◆ What you should do
Please print nothing but the lines from the one with "サンふじの収穫でっせ、今年は" to the last line of the records below, and omit pictures.

Exercise material Block Start

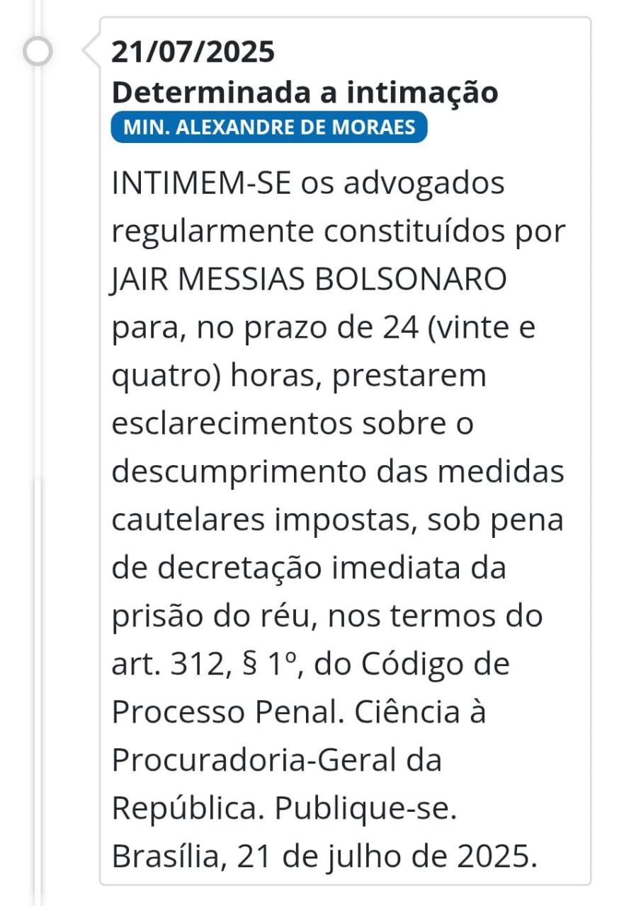 Conforme observou o ClickPB, no andamento do processo eletrônico, os advogados de Bolsonaro tem 24 horas para explicarem descumprimento da medida cautelar que proíbe a utilização de redes sociais pelo ex-presidente ou por intermédio de terceiros, imposta no dia 17 de julho.
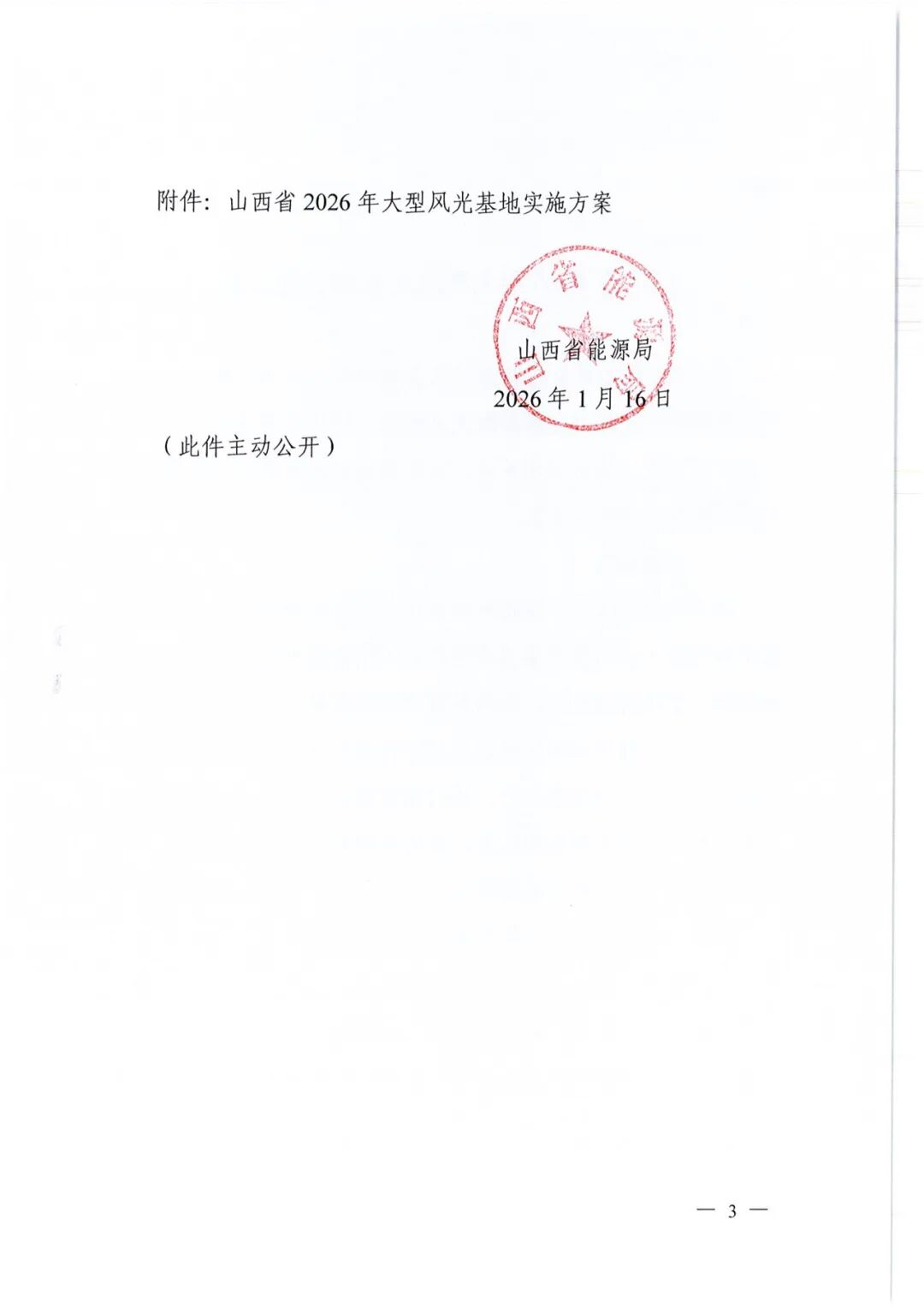 近日,山西省能源局发布《关于印发<山西省2026年大型风光基地实施方案>的通知》。
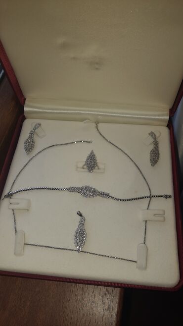 Yeni geldi 585əyyar Türkiyə isdehsalı Yeni model ağqızıl Kamplekt svarovisqi qaşlarla bezedilmişdir çəki 23.88qram. Gözəl görnüşdü və həcimli ağqızıl kamplektdi. Həm gündəliyə həmdə xeyir işlərdə r...
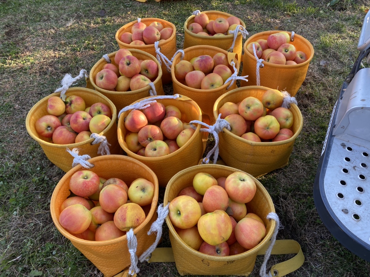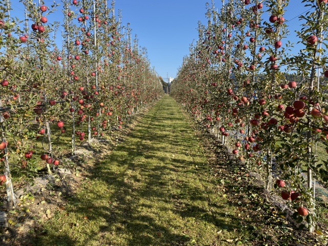 サンふじの収穫でっせ、今年は大玉にツル割れが多くて大変なのです。台風なくても7月の長雨でこれかよぉって愚痴ってもねぇ?
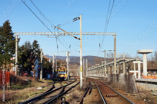 © Rechitan Sorin, Obraz premium Structures of a new railway platform under construction in Lipova, Romania, Europe
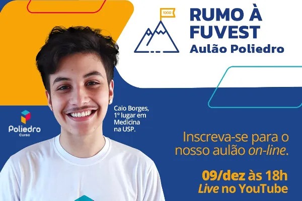 O Poliedro Curso realizará na noite desta quinta-feira (9), a partir das 18h, um aulão gratuito e on-line para estudantes que irão prestar o vestibular da Fuvest. A live tem como objetivo oferecer recomendações e fazer um direcionamento rápido, mas preciso, dos pontos importantes que podem aparecer na prova, considerando que a Fuvest é reconhecida por ser uma prova conteudista.

Exercise material Block End

◆ Answer box
 サンふじの収穫でっせ、今年は大玉にツル割れが多くて大変なのです。台風なくても7月の長雨でこれかよぉって愚痴ってもねぇ?
 © Rechitan Sorin, Obraz premium Structures of a new railway platform under construction in Lipova, Romania, Europe
 O Poliedro Curso realizará na noite desta quinta-feira (9), a partir das 18h, um aulão gratuito e on-line para estudantes que irão prestar o vestibular da Fuvest. A live tem como objetivo oferecer recomendações e fazer um direcionamento rápido, mas preciso, dos pontos importantes que podem aparecer na prova, considerando que a Fuvest é reconhecida por ser uma prova conteudista.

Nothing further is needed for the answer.